> EXERCISE REQUIREMENTS: Look for the word "from" in the data below, and copy every line that holds it.

> EXTRACTED MATERIAL:
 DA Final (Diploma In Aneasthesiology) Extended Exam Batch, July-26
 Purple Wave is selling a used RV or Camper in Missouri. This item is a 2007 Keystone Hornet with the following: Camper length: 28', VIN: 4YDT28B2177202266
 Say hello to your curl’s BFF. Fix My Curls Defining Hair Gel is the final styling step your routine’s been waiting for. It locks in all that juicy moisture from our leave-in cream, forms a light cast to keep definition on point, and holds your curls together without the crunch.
...
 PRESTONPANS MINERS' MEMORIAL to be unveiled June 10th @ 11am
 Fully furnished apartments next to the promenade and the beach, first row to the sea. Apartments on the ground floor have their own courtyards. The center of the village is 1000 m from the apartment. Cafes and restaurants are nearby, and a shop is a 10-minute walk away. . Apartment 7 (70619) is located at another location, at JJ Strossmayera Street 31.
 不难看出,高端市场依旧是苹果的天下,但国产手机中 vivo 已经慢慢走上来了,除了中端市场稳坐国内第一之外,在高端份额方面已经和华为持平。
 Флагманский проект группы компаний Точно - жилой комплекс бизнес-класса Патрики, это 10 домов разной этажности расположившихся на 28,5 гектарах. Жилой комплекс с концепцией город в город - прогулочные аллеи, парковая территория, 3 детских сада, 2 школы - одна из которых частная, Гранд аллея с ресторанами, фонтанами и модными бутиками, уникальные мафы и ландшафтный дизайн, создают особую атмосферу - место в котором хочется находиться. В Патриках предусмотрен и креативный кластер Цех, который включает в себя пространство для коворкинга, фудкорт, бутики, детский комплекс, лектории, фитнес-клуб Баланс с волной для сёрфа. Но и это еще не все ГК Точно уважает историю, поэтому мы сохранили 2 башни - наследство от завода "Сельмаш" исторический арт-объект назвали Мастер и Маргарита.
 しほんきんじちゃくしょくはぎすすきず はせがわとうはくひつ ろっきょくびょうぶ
---
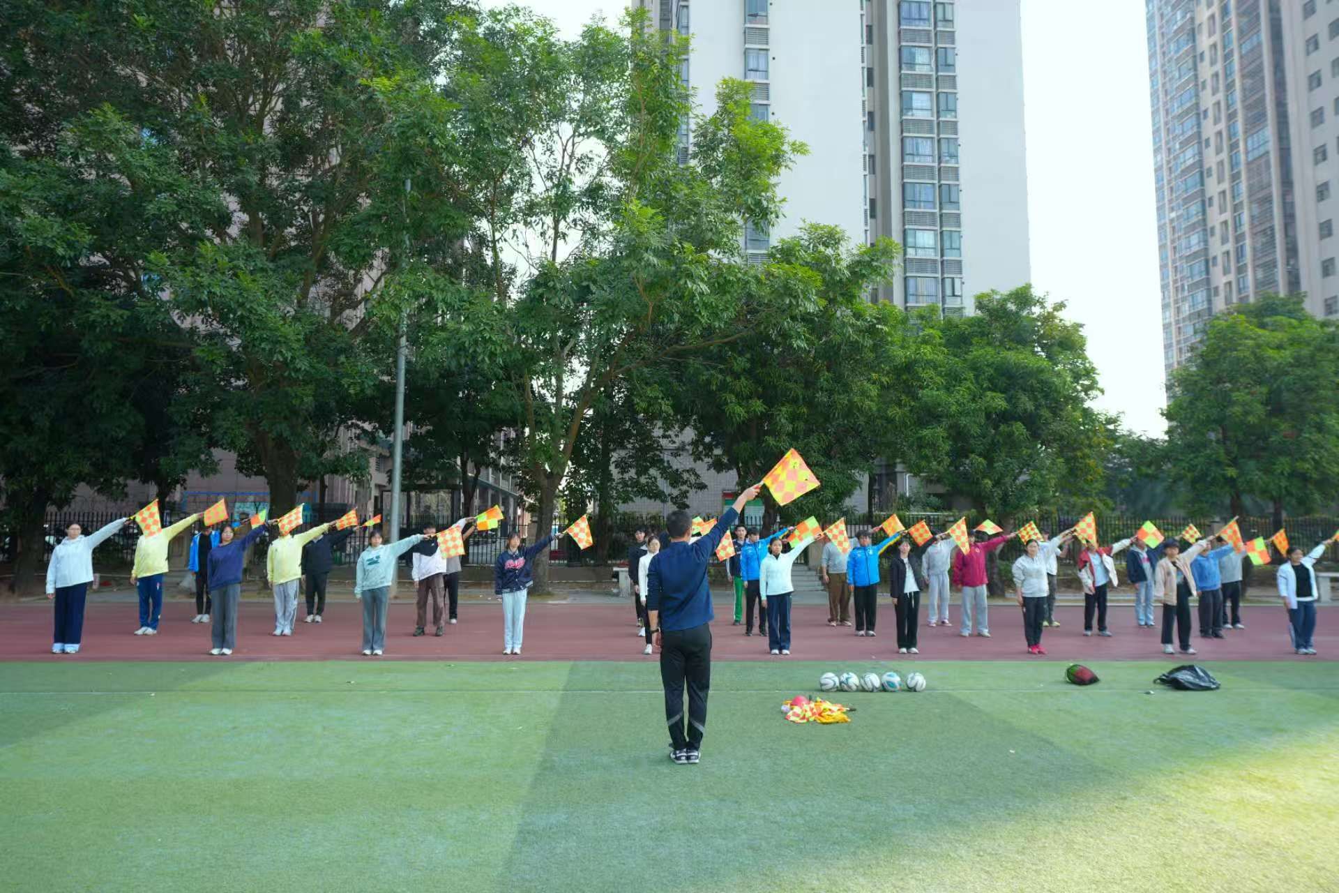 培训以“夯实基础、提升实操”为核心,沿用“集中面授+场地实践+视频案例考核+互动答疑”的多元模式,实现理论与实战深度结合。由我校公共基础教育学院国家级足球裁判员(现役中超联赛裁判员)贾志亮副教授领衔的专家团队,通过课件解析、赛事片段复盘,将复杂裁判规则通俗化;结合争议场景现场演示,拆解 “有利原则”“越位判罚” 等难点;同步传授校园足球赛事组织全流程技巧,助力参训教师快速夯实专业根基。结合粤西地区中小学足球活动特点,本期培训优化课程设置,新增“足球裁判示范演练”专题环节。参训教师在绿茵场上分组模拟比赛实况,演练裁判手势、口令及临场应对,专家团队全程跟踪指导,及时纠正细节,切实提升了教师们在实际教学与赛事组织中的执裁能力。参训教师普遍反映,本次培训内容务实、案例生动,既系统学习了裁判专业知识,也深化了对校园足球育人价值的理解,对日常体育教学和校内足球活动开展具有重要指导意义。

> RESPONSE FOR THIS EXERCISE:
 Say hello to your curl’s BFF. Fix My Curls Defining Hair Gel is the final styling step your routine’s been waiting for. It locks in all that juicy moisture from our leave-in cream, forms a light cast to keep definition on point, and holds your curls together without the crunch.
 Fully furnished apartments next to the promenade and the beach, first row to the sea. Apartments on the ground floor have their own courtyards. The center of the village is 1000 m from the apartment. Cafes and restaurants are nearby, and a shop is a 10-minute walk away. . Apartment 7 (70619) is located at another location, at JJ Strossmayera Street 31.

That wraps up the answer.